Even though Fury “toyed” with Makhmudov at times, switching southpaws and finishing the 12th with his hands behind his back, Allen saw a version of Fury that was “five times slower” than the man who ruled the division a few years ago.
“To the naked eye he wasn’t great tonight. I thought it was a very average performance,” Dave Allen said on his channel about Fury’s performance against Makhmudov last Saturday. “It was like the old Tyson Fury, but five times slower.”
“If he had gone through the gears, he could have taken him out there, and he either chose not to or he couldn’t. A 36-year-old who hasn’t met Makhmudov shouldn’t be going 12 with a world-class heavyweight. Fury doesn’t have much left. He was really slow. The pace was slow, painfully slow, the top five is painfully slow.”
The general consensus among fans that the Wilder trilogy took the best of Fury seems more accurate with each fight. While he got the unanimous decision (120-108, 120-108, 119-109), it was more about Makhmudov being “disinterested” and slow than Fury being elite.
Allen’s X post about Fury “not having much left” reflects the reality of a 37-year-old heavyweight who has led a very hard life, both in and out of the ring.
Since the Wilder fights, victories over Dillian Whyte, and Derek Chisora has not required Fury to be at 100%. The Ngannou scare was the first big warning sign, and subsequent losses to Usyk in 2024 confirmed that elite-level agility was gone.
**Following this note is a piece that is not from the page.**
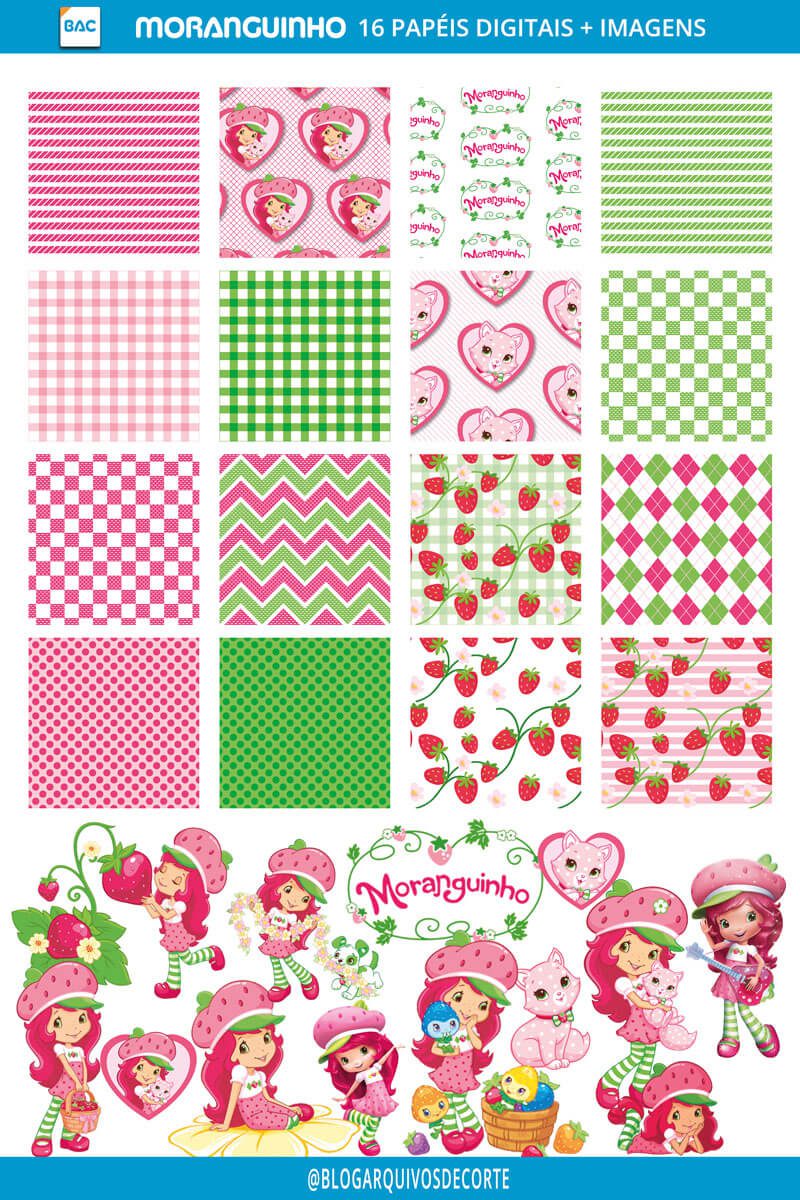 Esse Kit de Papel Digital Moranguinho (fundo da Moranguinho) é ideal para fazer:

Many analysts believe the 2021 war with Wilder was the beginning of the end for his peak physical years. Every fight since then, Whyte, Chisora, Ngannou, and the Usyk bouts, has seemed like a steady decline in athleticism.
If he looked this old and slow against a version of Makhmudov that Allen described as “finished” and “hitting under water”, it really highlights the danger he faces against the younger, hungry crop.
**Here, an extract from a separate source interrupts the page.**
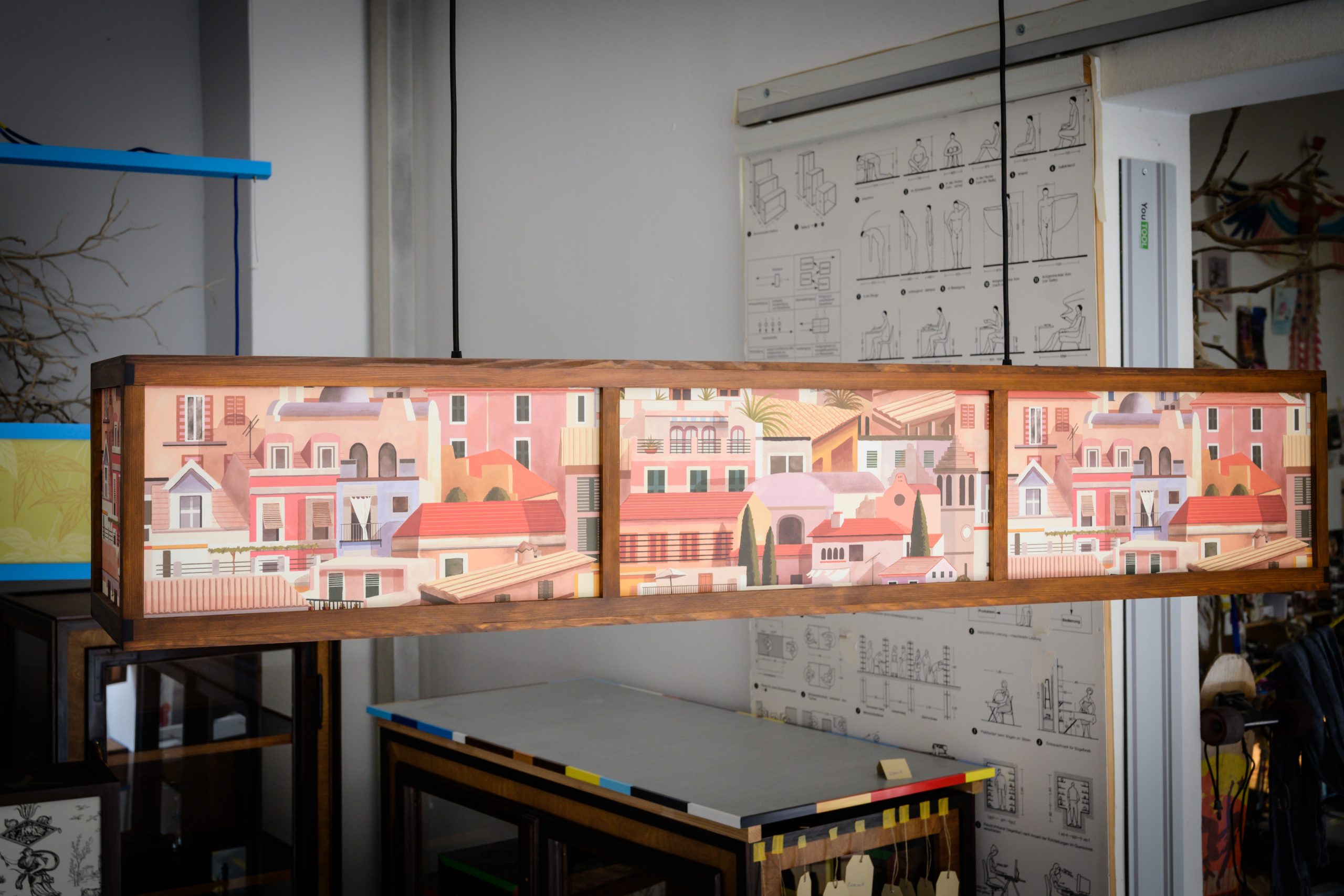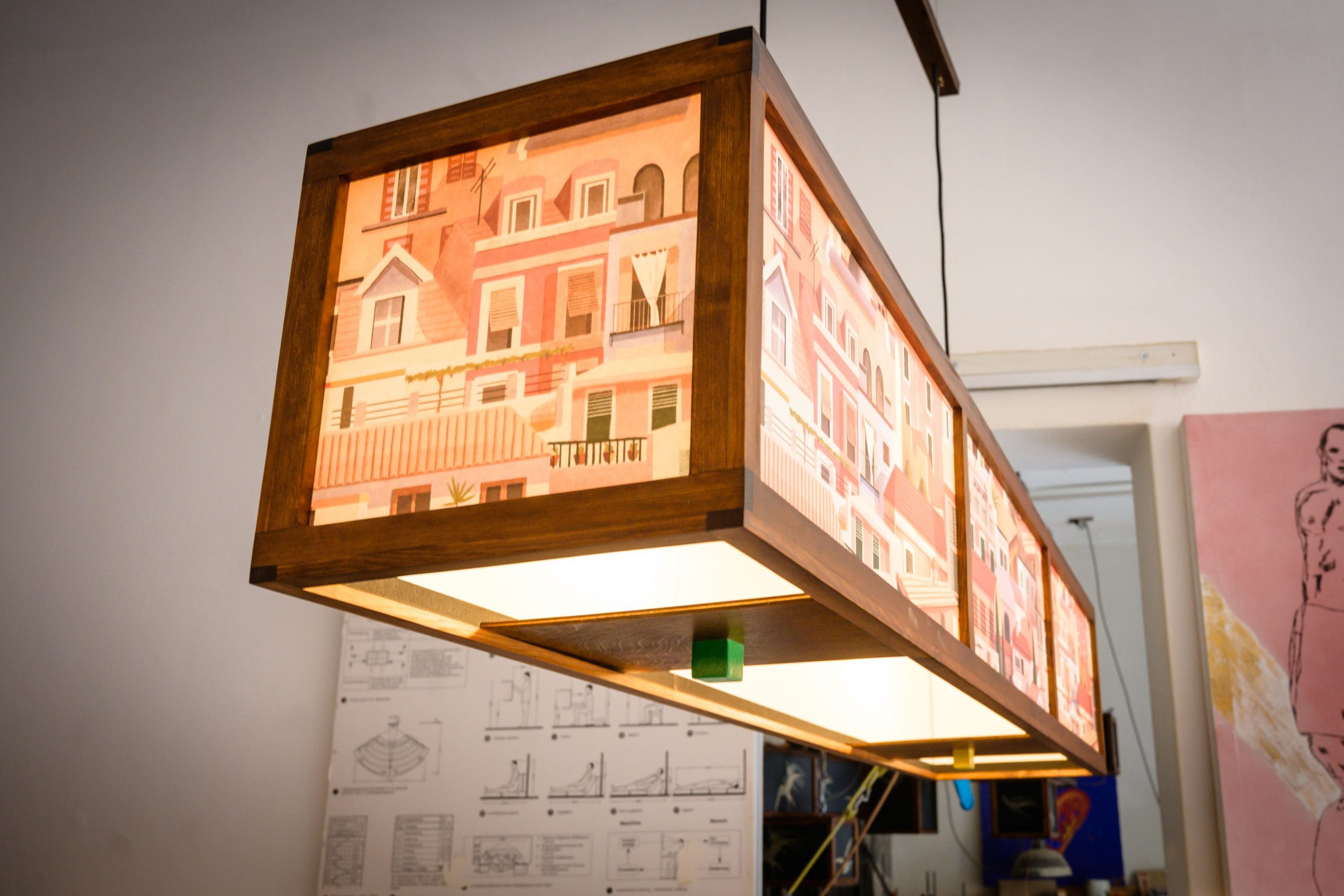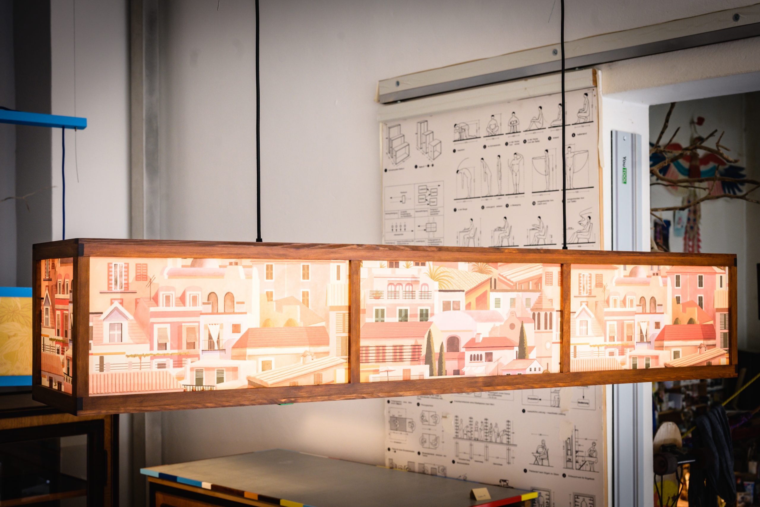 - Beschreibung ein Lichtobjekt der Leichtigkeit bespannt mit Tapete mit 2 eingelegten Schiebern um das licht zu verändern oder es zu versetzen

Someone like Moses Itauma or Richard Torrez Jr. operate at a completely different frequency. They throw them with a speed and volume that requires elite reflexes to neutralize.
Fury used to move like a middleweight; now, as Allen put it, it looks like he’s fighting underwater or in slow motion.
“I’d like to see him box Joshua or Wilder,” Allen said of Fury. I wouldn’t want to see him boxing the young guys, anything too fresh, too sharp. I think he lost a step or two or three, to be honest.”
Allen, who wants to see him fight Joshua or Wilder, feels like he’s asking for an “Old Timer’s” tournament. It’s a way for Fury to cash in on a big domestic or legacy fight without getting embarrassed by the “young, fresh, sharp” guys Allen said he wants Fury to avoid.
If he couldn’t “go through the gears” against a guy Allen says is “done,” how does he survive twelve rounds with someone like Jalolov or even a rejuvenated AJ? The “Gypsy King” seems to be running purely on muscle memory and reputation at this point.